STORED DATA: Begin

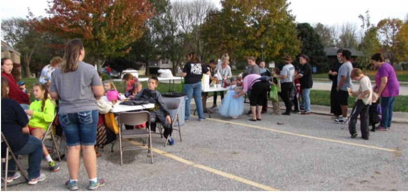
Lots of hungry guests thought those hot dogs smelled good!!
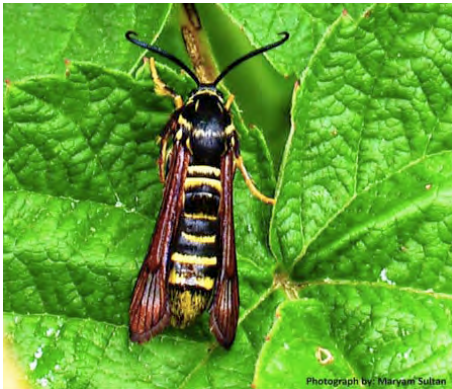
Fig 1: Raspberry crown borer adult on raspberry leaf measuring about 25mm in length

The raspberry crown borer is a clearwing moth, similar in appearance to a yellow jacket wasp. It measures approximately 25mm in length and has a wingspan of about 30mm. The adult can be seen basking on raspberry foliage during the day (Figure 1).
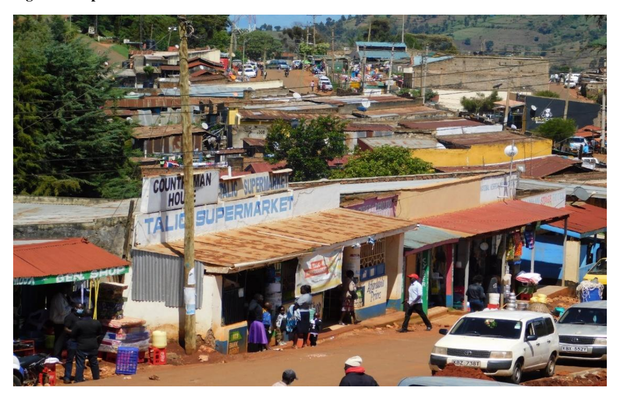
Figure 4: Kapsowar town

and promotes the growth of the town. Hospital workers and traders are assured of security.
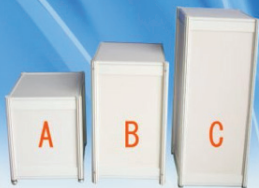
F12 - Display Cube F12 - Bục trưng bày
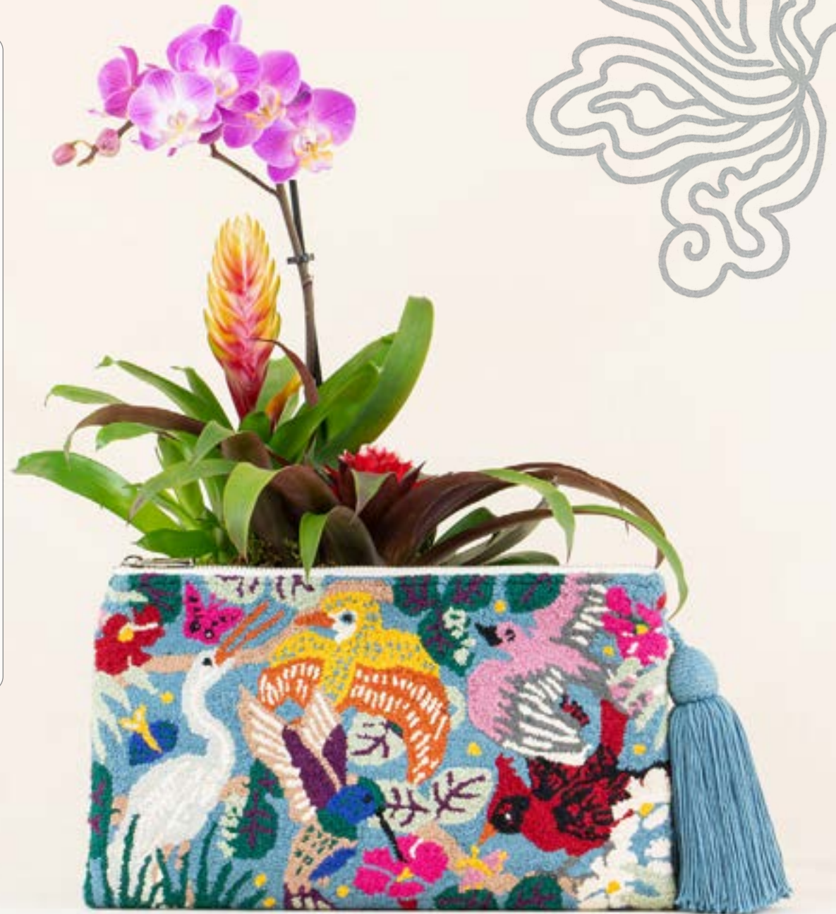
Birds Blue Clutch M

For more information, please visit www.mama-tierra.org/project/flamingo-project
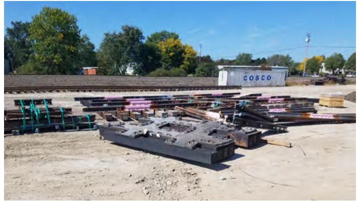
Above, the diamond components have arrived and are ready for final site assembly. Note the heavy plating on the new steel design.

Since our September issue, we have given our members updates on construction activity in and around the Duplainville crossing of the Canadian Pacific and Canadian National in Pewaukee. Early November brought about the closure on a major project that had started in the Summer of 2019. Last August, the CP removed the westbound to northbound switch on their mainline that connected to the interchange track to the CN that had been in place since 1987 at this major crossing. In June of this year, crews from CP removed the balance of the interchange track up to Green Road on the north and the former roadbed was excavated and used to enlarge the maintenance area in the northeast quadrant of the railroad junction.
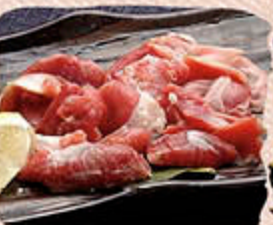
Chicken Giblets すな肝
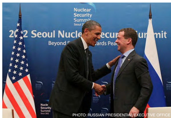
President Obama and President Medvedev meet on March 26, 2012 during the Nuclear Security Summit in Seoul, South Korea.

Combined U.S. and Russian efforts to strengthen bilateral economic cooperation helped to secure an invitation for Russia to join the World Trade Organization (WTO). Two-way trade and investment increased with Boeing aircraft sales to Aeroflot and UTAir, Rosneft's joint venture with ExxonMobil to explore Arctic oil and gas fields and to increase Russian investment in Texas, and with joint ventures between General Electric and Inter RAO UES and Rostekhnologii.
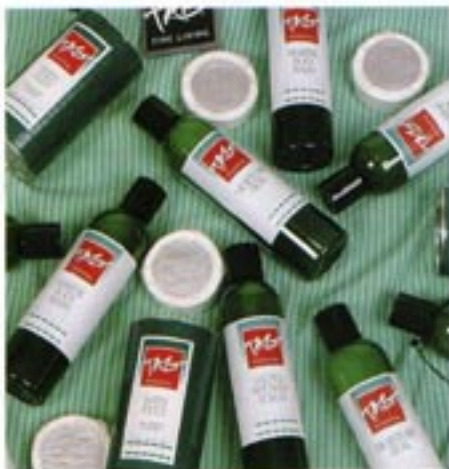
TAG ESSENTIALS, with select essential oils

Did you know? When The Broadmoor opened in 1918, there was a Turkish bath located behind the Front Desk. This was the hotel's first spa.
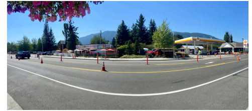
North Bend Way Sidewalk Project

Work is well underway along the busy corridor of North Bend Way between Ballarat Avenue North and McClellan Avenue. As part of the Sidewalk Gap project,
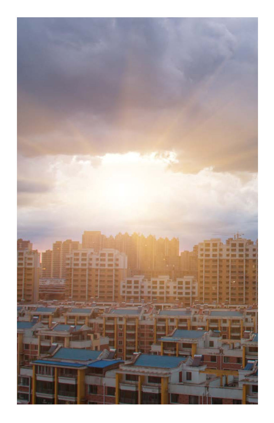
I see the sun.
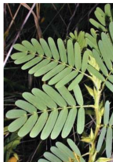
Chamaecrista fasciculata FABACEAE Partridge Pea N , [p. 12]

Habitat: Prairie, Blooming Period: Quite long, from mid-Summer to Fall.
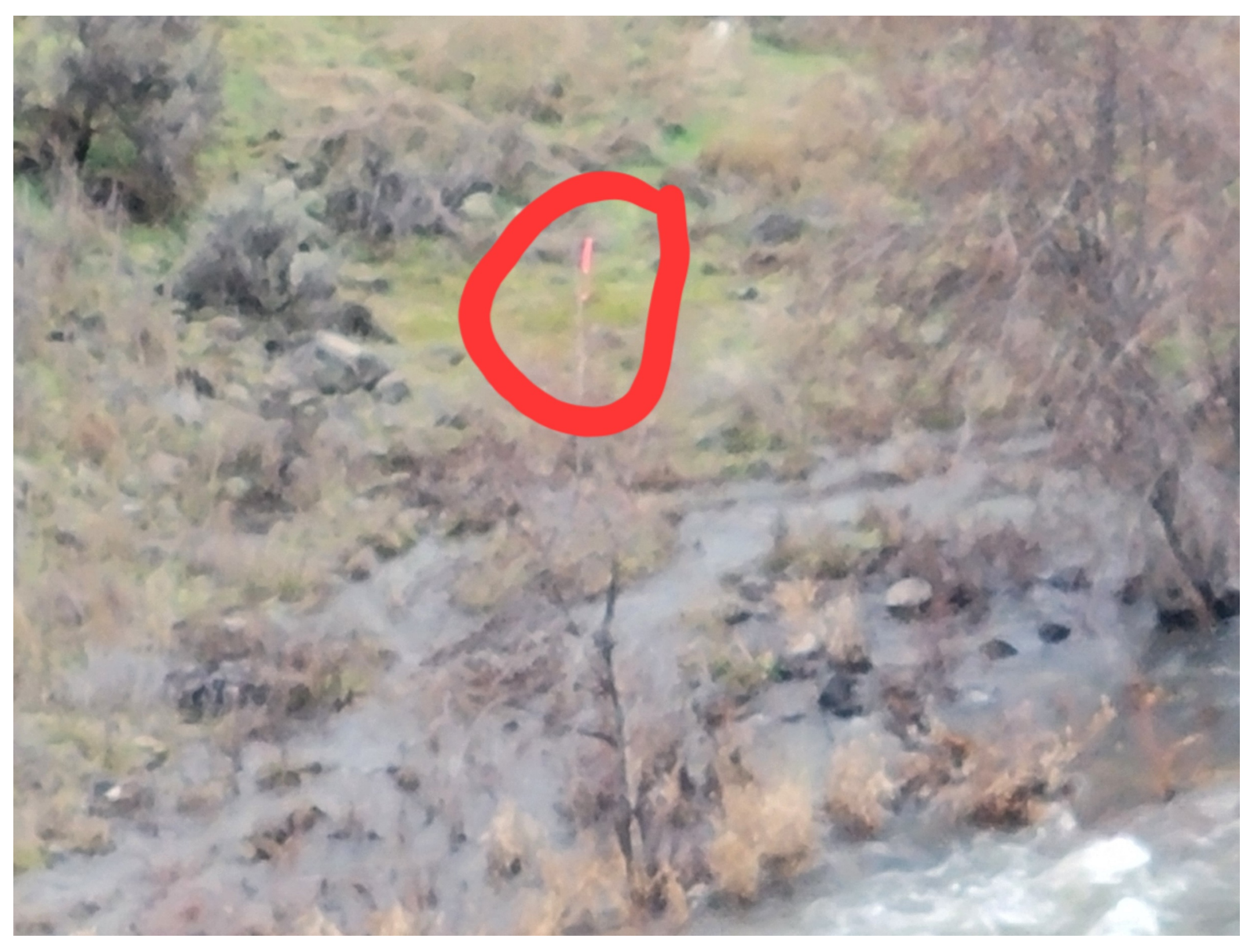
Figure 9 Jan 2024 High Water Close up of Survey Marker below old Osprey Nest
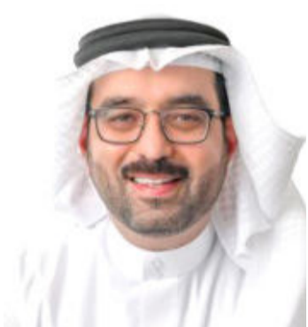
MP Ahmed Al Saloom
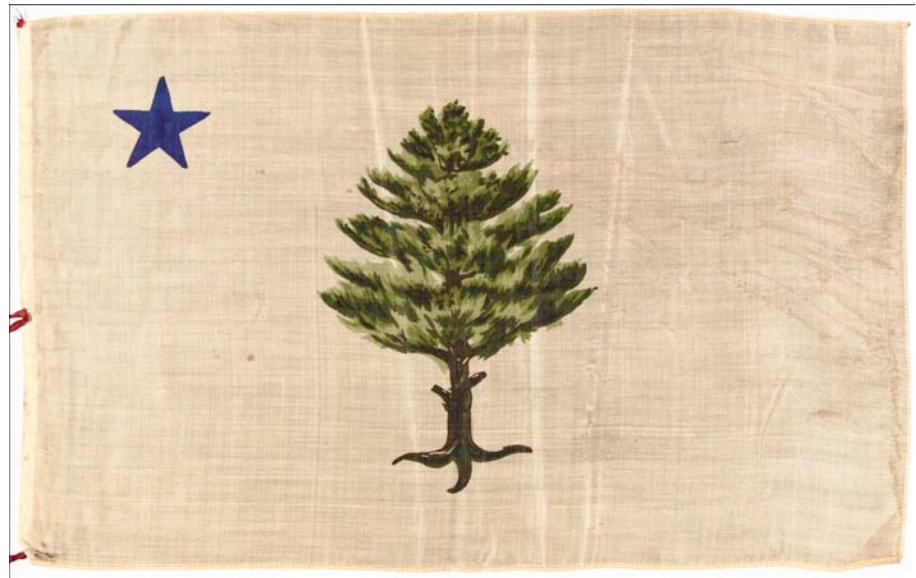
1908 Souvenir Flag, AYPE, Seattle WA

In 1909, with the legislature containing more ex-Civil War soldiers than ever and following the retirement of General Richards, it was decided to change the flag to be more military-like. Indeed, the description of the new flag could not have been more dissimilar than the 1901 flag, requiring it be made of silk, "...of the following dimensions and design; to wit, the length, or heighth, of the staff to be nine feet,
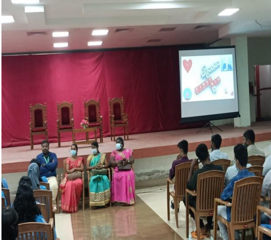
First Aid, Mental and Emotional Wellbeing
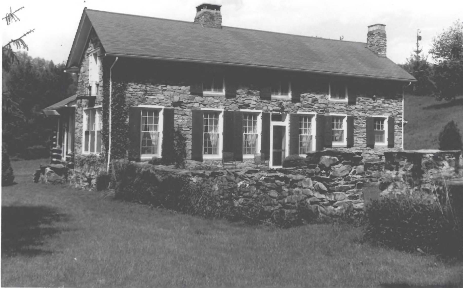
Sherwood Anderson House ("Ripshin Farm"), Trout Dale, Virginia

STORED DATA: End

ACTIVITY => Every entry above should come back exactly as written, except for its pictures.

SOLUTION TO THIS PROBLEM =>
Lots of hungry guests thought those hot dogs smelled good!!
Fig 1: Raspberry crown borer adult on raspberry leaf measuring about 25mm in length

The raspberry crown borer is a clearwing moth, similar in appearance to a yellow jacket wasp. It measures approximately 25mm in length and has a wingspan of about 30mm. The adult can be seen basking on raspberry foliage during the day (Figure 1).
Figure 4: Kapsowar town

and promotes the growth of the town. Hospital workers and traders are assured of security.
F12 - Display Cube F12 - Bục trưng bày
Birds Blue Clutch M

For more information, please visit www.mama-tierra.org/project/flamingo-project
Above, the diamond components have arrived and are ready for final site assembly. Note the heavy plating on the new steel design.

Since our September issue, we have given our members updates on construction activity in and around the Duplainville crossing of the Canadian Pacific and Canadian National in Pewaukee. Early November brought about the closure on a major project that had started in the Summer of 2019. Last August, the CP removed the westbound to northbound switch on their mainline that connected to the interchange track to the CN that had been in place since 1987 at this major crossing. In June of this year, crews from CP removed the balance of the interchange track up to Green Road on the north and the former roadbed was excavated and used to enlarge the maintenance area in the northeast quadrant of the railroad junction.
Chicken Giblets すな肝
President Obama and President Medvedev meet on March 26, 2012 during the Nuclear Security Summit in Seoul, South Korea.

Combined U.S. and Russian efforts to strengthen bilateral economic cooperation helped to secure an invitation for Russia to join the World Trade Organization (WTO). Two-way trade and investment increased with Boeing aircraft sales to Aeroflot and UTAir, Rosneft's joint venture with ExxonMobil to explore Arctic oil and gas fields and to increase Russian investment in Texas, and with joint ventures between General Electric and Inter RAO UES and Rostekhnologii.
TAG ESSENTIALS, with select essential oils

Did you know? When The Broadmoor opened in 1918, there was a Turkish bath located behind the Front Desk. This was the hotel's first spa.
North Bend Way Sidewalk Project

Work is well underway along the busy corridor of North Bend Way between Ballarat Avenue North and McClellan Avenue. As part of the Sidewalk Gap project,
I see the sun.
Chamaecrista fasciculata FABACEAE Partridge Pea N , [p. 12]

Habitat: Prairie, Blooming Period: Quite long, from mid-Summer to Fall.
Figure 9 Jan 2024 High Water Close up of Survey Marker below old Osprey Nest
MP Ahmed Al Saloom
1908 Souvenir Flag, AYPE, Seattle WA

In 1909, with the legislature containing more ex-Civil War soldiers than ever and following the retirement of General Richards, it was decided to change the flag to be more military-like. Indeed, the description of the new flag could not have been more dissimilar than the 1901 flag, requiring it be made of silk, "...of the following dimensions and design; to wit, the length, or heighth, of the staff to be nine feet,
First Aid, Mental and Emotional Wellbeing
Sherwood Anderson House ("Ripshin Farm"), Trout Dale, Virginia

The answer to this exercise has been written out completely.